А Макар торопился. Понимая, что это первое обладание не даст, да и не может дать всяких разных эмоций, приятных своей новизной (зажата была партнерша, испугана, как школьница безответная, бревном лежала), он суетливо спешил застолбить прецедент, чтобы в следующий раз подчинение было автоматическим. Он усвоил Клаву — оставил себе на память моментальный снимок ее тела… Без разницы ему было, что с ней сейчас происходит… Наплевать, что она ждет прекращения процесса, как в тюрьме ждут окончания срока. Стерпится — слюбится. Баба она или кто…

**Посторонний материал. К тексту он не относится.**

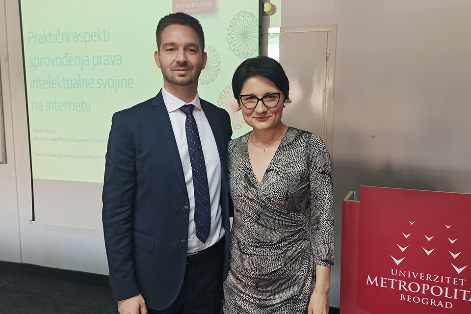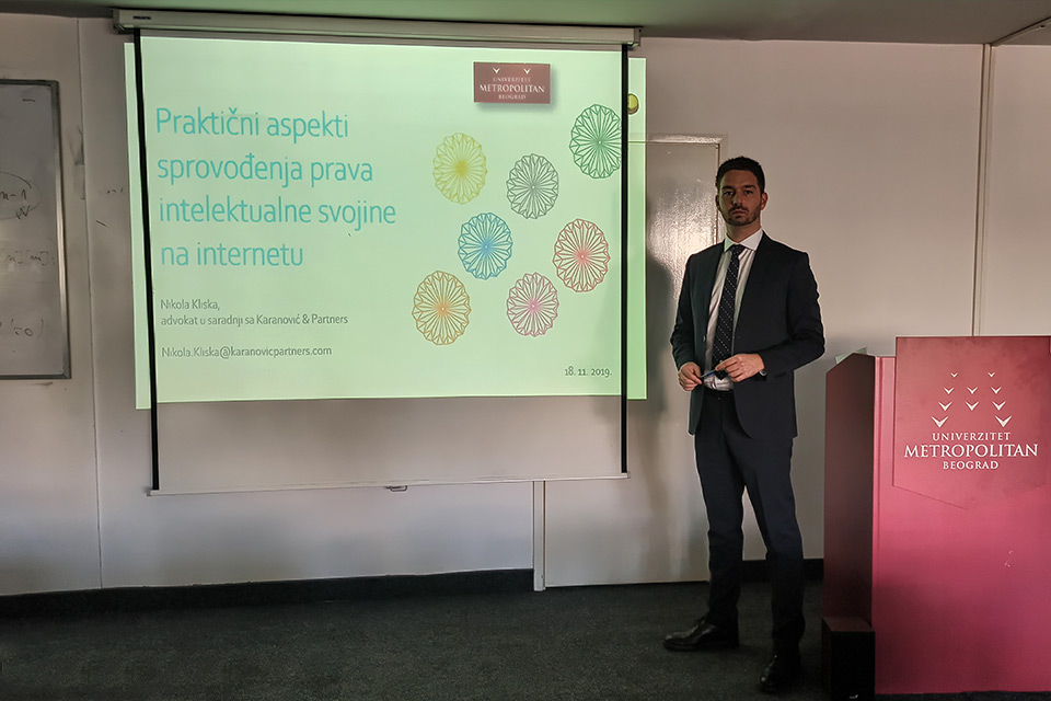 Održano je gostujuće predavanje na Univerzitetu Metropolitan u Beogradu, na aktuelnu temu – Praktični aspekti sprovođenja prava intelektualne svojine na internetu, o kojoj je govorio Nikola Kliska, eminentni stručnjak sa dugogodišnjim iskustvom i advokat u saradnji sa Karanović & Partners, i arbitar pri Komisiji za rešavanje domenskih sporova.

Но надо признаться, злодейство было не из того большинства трагедий, что свершаются по воле не зависящей от жертвы силы, природной ли — будь то землетрясение, наводнение, смерч, рукотворной ли — война, намеренный взрыв, нападение маньяка… Впрочем, разве можно их противопоставлять… Голова-руки, творящие абсолютное зло, — это тоже часть природы. Нет, если уж разбираться по-настоящему — без предрешенного обвинительного уклона, используя и все достижения саморазоблачающего психоанализа, и исторические тайны, открывающиеся благодаря российской смуте, — то прояснится ответ не только на простой вопрос «кто виноват?», но и на более замысловатый «почему?» и уж на совсем головоломный «что делать?».
По американским понятиям происшедшее с Клавой, кажется, считается изнасилованием, а по русским — и сказать никому ничего нельзя. Такое «сказать никому нельзя», без спроса впрыснутое с молоком матери и усвоенное без посредников-слов, на чувственном уровне, объединяло, как все выясняется и выясняется, много, очень много душ. Лишь в конце девяностых схроны семейного подсознания стали робко проклевываться — так живые ростки от тепла пробиваются, — и в новом веке непременно выяснится, весеннее солнце нагрело землю или то был осенний обман, и тогда заморозки неизбежные убьют наивную зелень, поверившую погоде, а не календарю.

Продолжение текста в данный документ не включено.